IT/가짜연구소 스터디

[DA] 4-3. Importing Data from Databases

Millennials 2022. 9. 13. 21:37

해당 내용은 Datacamp의 Data engineering track을 정리했습니다.
4. Streamlined Data Ingestion with pandas의 chapter 1에 대한 내용입니다.

1. Introduction to databases

관계형 데이터베이스는 테이블(table)들에 행(rows)와 열(columns)로 이루어져 있습니다. 행들에 각 실제 값들이 들어가게 되고, column에 그 속성이 들어가게 됩니다.

관계형 데이터베이스는 고유한 식별자(unique keys)를 통해 테이블을 연결하거나 관리할 수 있다는 점에서 다른 종류의 데이터들 데이터프레임, excel 등과 다릅니다.

데이터베이스에서 데이터를 읽는 것은 2단계 프로세스를 거칩니다.

database에 연결(connect)합니다.
SQL 혹은 Pandas 언어로 query를 보내 가져옵니다.

관계형 데이터베이스와 작업할 수 있는 도구가 있는 SQLAlchemy 라이브러리를 사용하게 될 것입니다. 특히 SQLAlchemy 의 create_engine() 을 이용해서 데이터 베이스에 연결해서 핸들할 수 있는 엔진을 만들 것입니다.

엔진은 데이터 베이스의 URL을 가져와 데이터베이스에 연결하도록 합니다. 이 URL 패턴은 데이터베이스 종류마다 조금씩 다를 수 있습니다.
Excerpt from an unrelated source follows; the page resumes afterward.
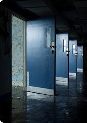 The invocation here of the full moon is no accident.  Many, perhaps even most, of the photographs generated by those poking around abandoned asylums appropriate a horror film aesthetic. In an interview with the online magazine Dazed Digital, the London-based photographer Jenny Hardcore was asked what inspired her to visit and photograph an abandoned asylum. “I have always held a visual fascination with places that unsettle the viewer,” she answers.  “I used to spend a lot of time watching horror movies and this visit was very much like walking into a set for me, but a set with very a real history and tangible humanity.”
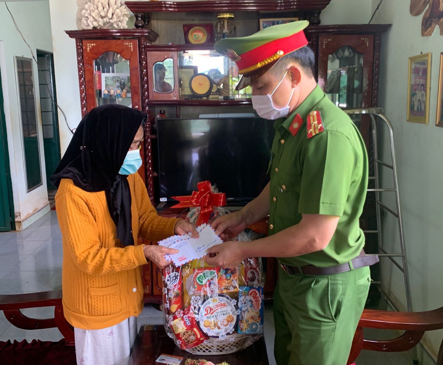 Thượng tá Nguyễn Đức Thùy – Trưởng công an huyện Đắk Song tặng quà cho Mẹ Việt Nam Anh hùng Châu Thị Nghê.

pandas 에서는 pd.read_sql(query, engine) 을 사용합니다.
query : SQL 문
engine : 데이터베이스에 연결하는 engine

# Load libraries
import pandas as pd
from sqlalchemy import create_engine

# Create the database engine
engine = create_engine('sqlite:///data.db')

# Load hpd311calls without any SQL
hpd_calls = pd.read_sql("hpd311calls", engine)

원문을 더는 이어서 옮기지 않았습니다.